Data shown »
-- -- --

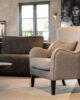 Timeless armchair with a classic shape and high comfort – an elegant addition to the living room, bedroom, or reading nook.The softly contoured backrest, rounded armrests, and removable seat cushion provide both style and support. The neutral, woven fabric in a warm grey tone makes the armchair easy to match with a variety of interior styles – from modern to traditional. Dark-stained wooden legs give a stable impression and enhance the classic look. The armchair comes with a matching decorative cushion that offers extra support and a welcoming touch. Perfect as a standalone piece in a reading corner or as a pair forming part of a sofa set. Color: Sway natural
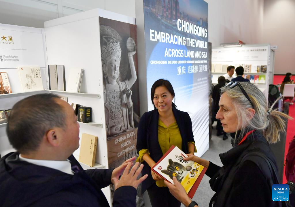 People talk at the exhibition area of China at the 75th Frankfurt Book Fair in Frankfurt, Germany, Oct. 18, 2023. The 75th Frankfurt Book Fair opened its doors to visitors on Wednesday, with an opening ceremony held on Tuesday. The five-day event running through Oct. 22 will provide diverse programs catering to both trade professionals and the public. (Xinhua/Ren Pengfei)
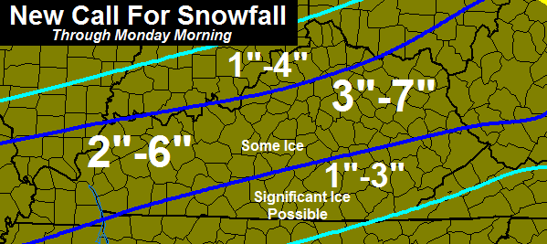Nearly impossible to tell where the Freezing line will set up..Of course the more North you live the better chances of snow..My guess and only a guess is North central and North Eastern parts get the heavy stuff..You may live in an area that get’s 4 inches and drive 10 miles and see a foot..A 50 mile shift North or south in modeling would make a huge difference..Of course us snow starved folks in Southeastern Ky can only watch and wonder what we have done to see such misery..
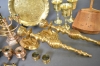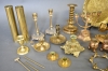 9956. Parti mässing bla ljusstakar och bägare, högsta höjd på bild 28 cm

-- -- --

Work instructions » Leaving the pictures out, output all of the listing exactly.

Task output »
 Timeless armchair with a classic shape and high comfort – an elegant addition to the living room, bedroom, or reading nook.The softly contoured backrest, rounded armrests, and removable seat cushion provide both style and support. The neutral, woven fabric in a warm grey tone makes the armchair easy to match with a variety of interior styles – from modern to traditional. Dark-stained wooden legs give a stable impression and enhance the classic look. The armchair comes with a matching decorative cushion that offers extra support and a welcoming touch. Perfect as a standalone piece in a reading corner or as a pair forming part of a sofa set. Color: Sway natural
 People talk at the exhibition area of China at the 75th Frankfurt Book Fair in Frankfurt, Germany, Oct. 18, 2023. The 75th Frankfurt Book Fair opened its doors to visitors on Wednesday, with an opening ceremony held on Tuesday. The five-day event running through Oct. 22 will provide diverse programs catering to both trade professionals and the public. (Xinhua/Ren Pengfei)
Nearly impossible to tell where the Freezing line will set up..Of course the more North you live the better chances of snow..My guess and only a guess is North central and North Eastern parts get the heavy stuff..You may live in an area that get’s 4 inches and drive 10 miles and see a foot..A 50 mile shift North or south in modeling would make a huge difference..Of course us snow starved folks in Southeastern Ky can only watch and wonder what we have done to see such misery..
 9956. Parti mässing bla ljusstakar och bägare, högsta höjd på bild 28 cm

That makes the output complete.